HVC-Audio-Convert

HVC-Audio-Convert Base Models

Overview

These models serve as the foundational components for HVC-Audio-Convert (Soft-VC Voice Conversion), an advanced voice conversion framework that combines SoftVC feature extraction with the VITS (Conditional Variational Autoencoder with Adversarial Learning) architecture.

Key Features

  • High-quality voice conversion capabilities

  • Pre-trained on diverse vocal datasets

  • Supports cross-lingual voice conversion

  • Compatible with HVC-Audio-Convert v4.0 and newer

Technical Details

  • Architecture: Based on VITS (Conditional Variational Autoencoder)

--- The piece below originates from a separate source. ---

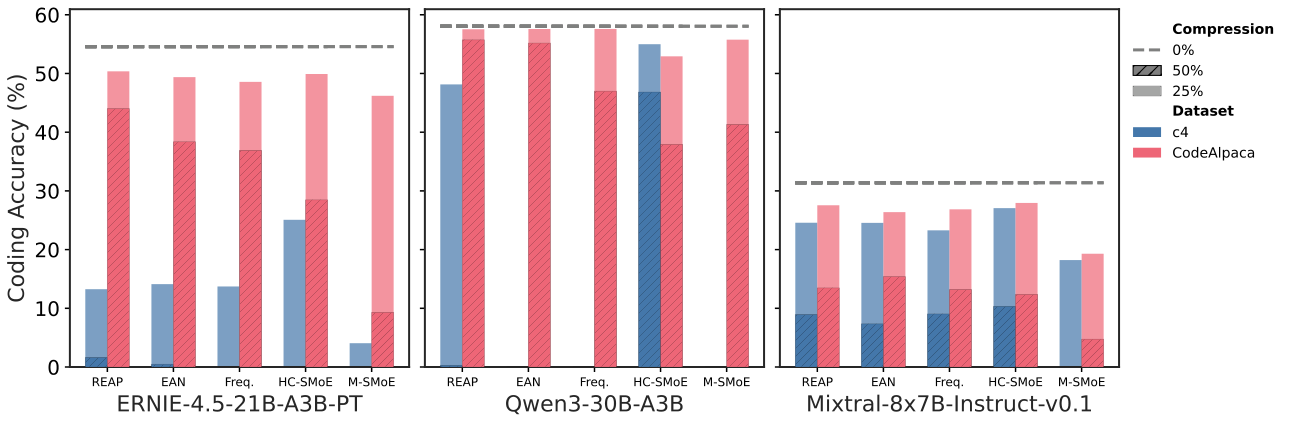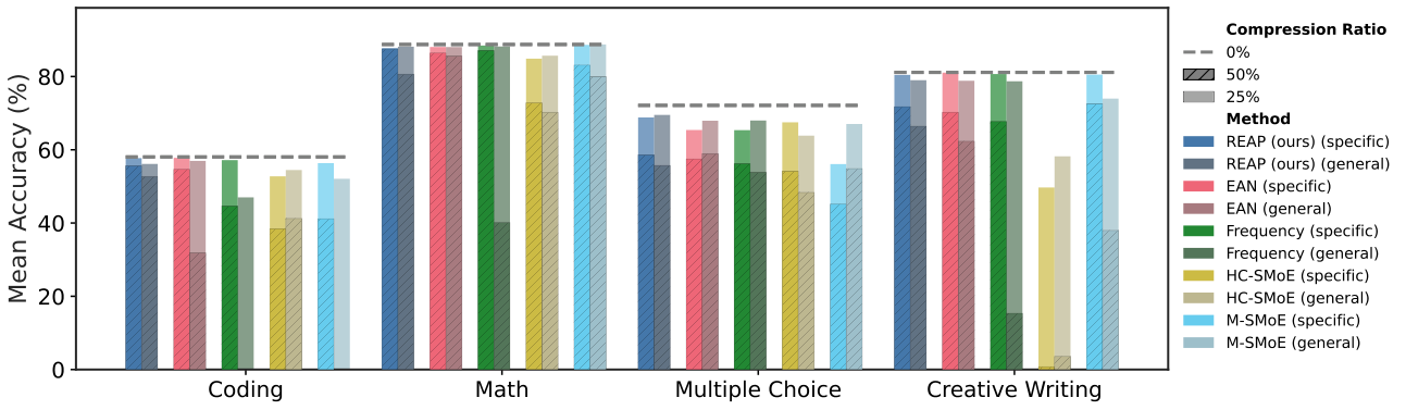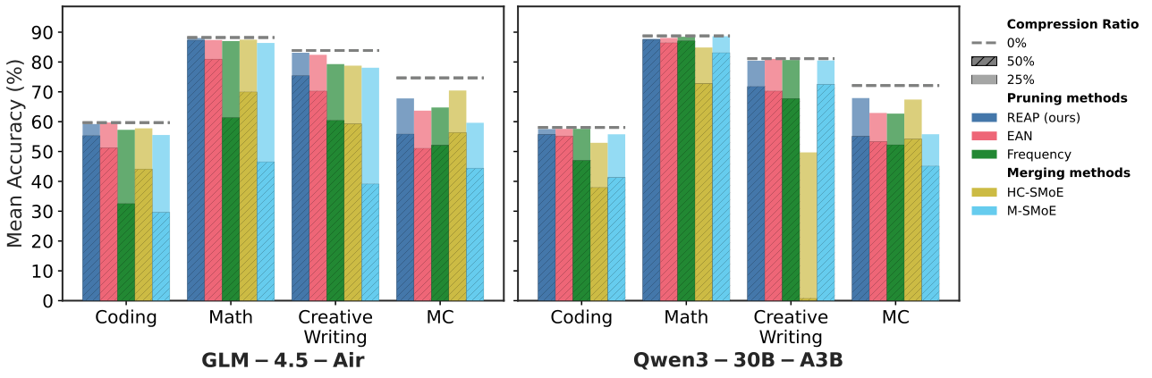 图解:GLM-4.5-Air 与 Qwen3-30B 在多任务上的压缩效果。50% 压缩时,Merging 在生成类任务上明显下滑,REAP 保持最好稳定性。

  • Feature Extraction: Hibernates content encoder

  • Training Data: Curated multi-speaker datasets

  • Model Format: PyTorch checkpoints

Usage

  1. Download the desired base model

  2. Use with HVC-Audio-Convert framework

  3. Fine-tune on target voice data

  4. Perform voice conversion

Requirements

  • HVC-Audio-Convert framework

  • Python 3.8+

  • PyTorch 1.13.0+

  • CUDA compatible GPU (recommended)

License

This project is licensed under the Apache License 2.0 - see the LICENSE file for details.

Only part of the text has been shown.